Даша прочла письмо несколько раз, прослезилась, в особенности над этим ни в чем не повинным ребеночком, и села писать ответ, прописала его до обеда, обедала одна, — так, только пощипала что-то, — затем пошла в кабинет и начала рыться в старых журналах, отыскала длиннейший какой-то роман, легла на диван посреди разбросанных книг и читала до вечера. Наконец приехал отец, запыленный и усталый; сели ужинать, отец на все вопросы отвечал «угу»; Даша выведала: оказывается — скарлатинный больной, мальчик трех лет, умер. Дмитрий Степанович, сообщив это, засопел, спрятал пенсне в футляр и ушел спать. Даша легла в постель, закрылась с головой простыней и всласть наплакалась о разных грустных вещах.
Прошло два дня. Пыльная буря кончилась грозой и ливнем, барабанившим по крыше всю ночь, и утро воскресенья настало тихое и влажное — вымытое.
Утром, как Даше встать, зашел к ней старый знакомый, Семен Семенович Говядин, земский статистик — худой и сутулый, всегда бледный мужчина, с русой бородой и зачесанными за уши волосами. От него пахло сметаной; он отвергал вино, табак и мясо и был на счету у полиции. Здороваясь с Дашей, он сказал без всякой причины насмешливым голосом:
— Я за вами, женщина. Едем на Волгу.
Даша подумала: «Итак, все кончилось статистиком Говядиным», — взяла белый зонтик и пошла за Семеном Семеновичем вниз к Волге, к пристани, где стояли лодки.

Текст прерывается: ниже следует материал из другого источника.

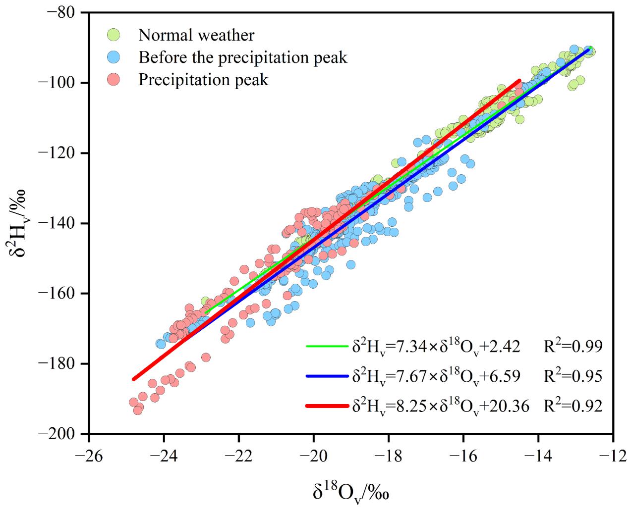 图6 正常天气、暴雨期间第一个降水峰值前和降水峰值时的大气水汽同位素水线斜率变化

Между длинных дощатых бараков с хлебом, бунтов леса и целых гор из тюков с шерстью и хлопком бродили грузчики и крючники, широкоплечие, широкогрудые мужики и парни, босые, без шапок, с голыми шеями. Иные играли в орлянку, иные спали на мешках и досках: вдалеке человек тридцать с ящиками на плечах сбегали по зыбким сходням. Между телег стоял пьяный человек, весь в грязи и пыли, с окровавленной щекой, и, придерживая обеими руками штаны, ругался лениво и матерно.